Her lips parted. The laughter died in her eyes. "In your heart you knew better."
Then he left her and went down to the inn to pack his bag.
VII
He had paid his bill. His luggage had been carried downstairs. There was still a full quarter of an hour to wait. He sat in his bedroom smoking furiously. Before he met her again, he wanted to know precisely what had happened to himself—and, perhaps, to her.
He was filled with self-distrust. His newly discovered propensity for falling in love was genuinely alarming. It wasted his time, upset his plans and robbed him of his mental vigor. It made him a rudderless ship at the mercy of any chance winds of sentiment. Up to less than three months ago the solitary woman in his life had been Terry. Throughout the war, while the masculine world had been making an amorous idiot of itself, he had kept his head clear and gone straight. Things had come to a pretty pass if now, when normality was returning and the excuse for running wild was out-of-date, he should start on his emotional escapades. His love for Terry had been deep-rooted. His fondness for Maisie had been the attempt of a starved heart to satisfy its craving with a substitute. But where was this pursuit of substitutes to end? If it went much further he would gain for himself the reputation of being a limpet who attached himself to any chance rock of feminine amiability. The kind of woman he cared to associate with would avoid him. If ever he were to fall in love again, his attentions would be so shop-worn that——
If ever he were to fall in love again! Within the last twenty-four hours his irresponsible heart had committed this disastrous folly for a third time.

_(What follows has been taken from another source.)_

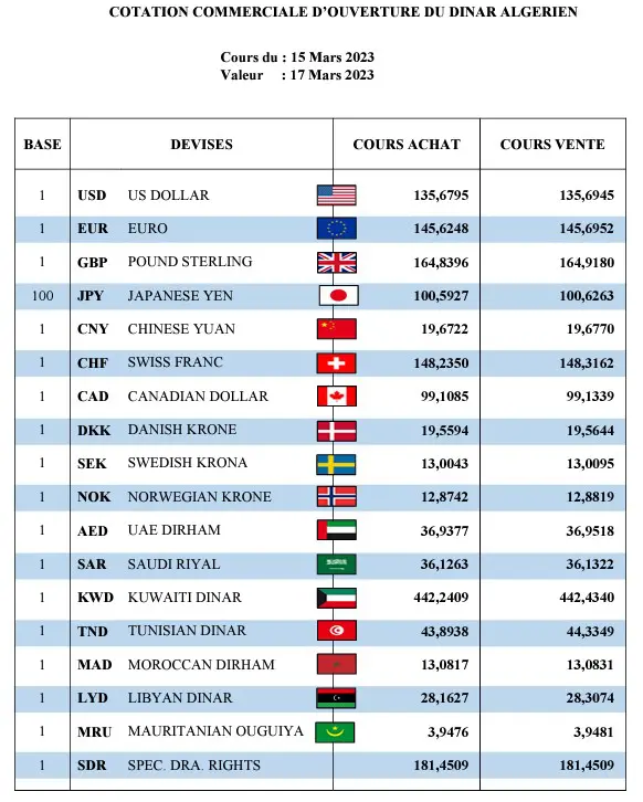 Le tableau ci-dessous résume les taux de change de la monnaie nationale face aux principales devises étrangères ce jeudi 16 mars 2023 :

He smiled cynically, as though he were two separate persons, one of whom was cool and calculating, while the other was improvident and scape-grace. How Lady Dawn would despise him, were he to reveal to her the stupid commotion of his mind! His excuse for blundering his way into her privacy had
been sufficiently fantastic: that her late husband was employing his living brain to communicate with her from the dead. It must have strained her credulity to the breaking-point. If on top of this he were to propose to her, what possible conclusions could she draw? Either that in order to gain her intimacy, he had perpetrated a cruel fraud; or else that he was so lacking in humor as to believe that Lord Dawn, from beyond the grave, was arranging for his wife's second marriage. The drollery of a dead husband acting match-maker made him smile. In the middle of his smiling he pulled himself up. Why not? Why shouldn't a husband who had wrecked his wife's happiness, try to repair the damage, if that were possible, when through death he had attained a kinder knowledge? The Roman Church prayed to the dead whom it canonized. There were thousands of parents, wives, sweethearts, bereft by the war, who were asserting that their longing had bridged the gulf and penetrated——
He shook himself, as though to struggle free from an invisible assailant. Hallucinations! All these so-called spiritualistic manifestations were the result of over-taxed imagination. To stick to facts was the only safe course; and these were the facts in his case. He had approached Lady Dawn as a matter of duty to tell her the truth about a husband whom she had not known at his best. She had misinterpreted his motive and had believed that he had come to confess to her his own failure. She had been thrown off her guard, had dropped her mask of stoicism and had lavished on him a reckless kindness.